Accessing Composed Configs in Python¶
@hydra.main(config_path="../configs/", config_name="trainrun/my_experiment")
def main(cfg: DictConfig):
# Access composed configs
datamodule = SingleCu3sDataModule(**cfg.data) # From data config
pipeline = Pipeline.from_config(cfg.pipeline) # From pipeline config
trainer = Trainer(**cfg.training.trainer) # From training config
# Access trainrun-specific fields
metric_nodes = cfg.metric_nodes
Relationship to Protobuf Schemas¶
CUVIS.AI configurations are validated and transported using protocol buffers defined in the cuvis-ai-schemas repository.

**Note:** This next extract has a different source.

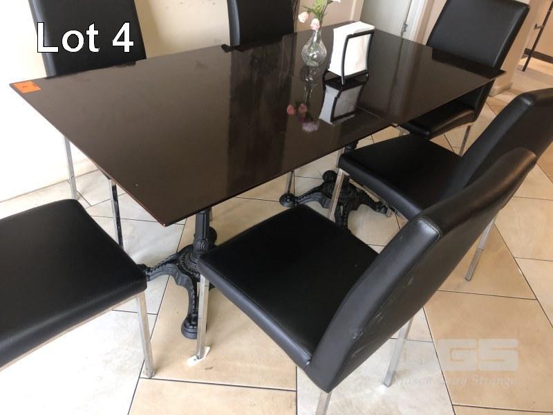 2 x DARK FINISH TIMBER TOP TABLES, 800 x 800mm, SINGLE PEDESTAL CAST ORNATE BASES & 6 x BLACK VINYL & CHROME CHAIRS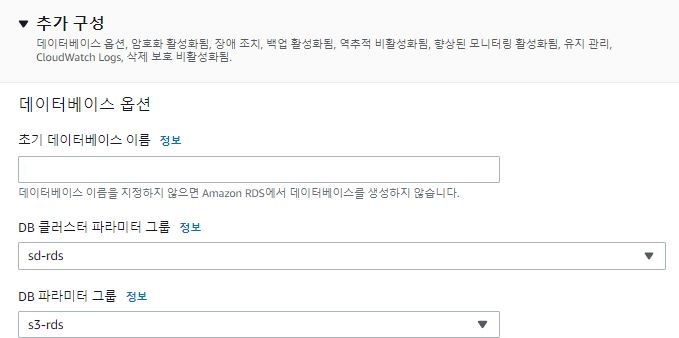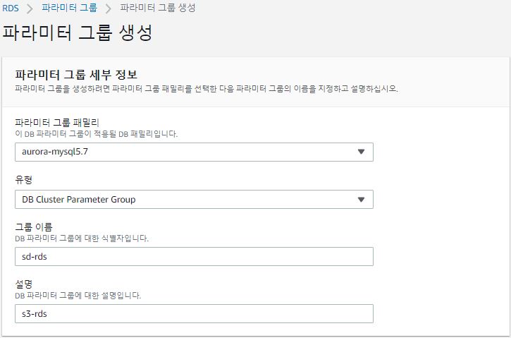 default 파라미터 그룹은 수정이 불가능 하기 때문에 새로운 파라미터 그룹을 생성해준다. 이때 파라미터 그룹을 유형별로 각각 생성해줘야 한다. DB Cluster Parameter Group, DB Parameter Group

Schema location: cuvis-ai-schemas/proto/cuvis_ai/grpc/v1/cuvis_ai.proto
Configuration Message Types¶
The protobuf schemas define 6 gRPC message types for config transport:
PipelineConfig- Pipeline structure (nodes + connections)DataConfig- Data loading configurationTrainingConfig- Training hyperparametersTrainRunConfig- Composed experiment configurationOptimizerConfig- Optimizer parametersSchedulerConfig- Learning rate scheduler
Configuration Flow: YAML → Protobuf → gRPC¶
All config messages use a single bytes config_bytes field that contains JSON-serialized data (not protobuf serialization):
flowchart LR
A[YAML<br/>Config] -->|Hydra<br/>compose| B[DictConfig<br/>merged]
B -->|Pydantic<br/>validate| C[JSON<br/>bytes]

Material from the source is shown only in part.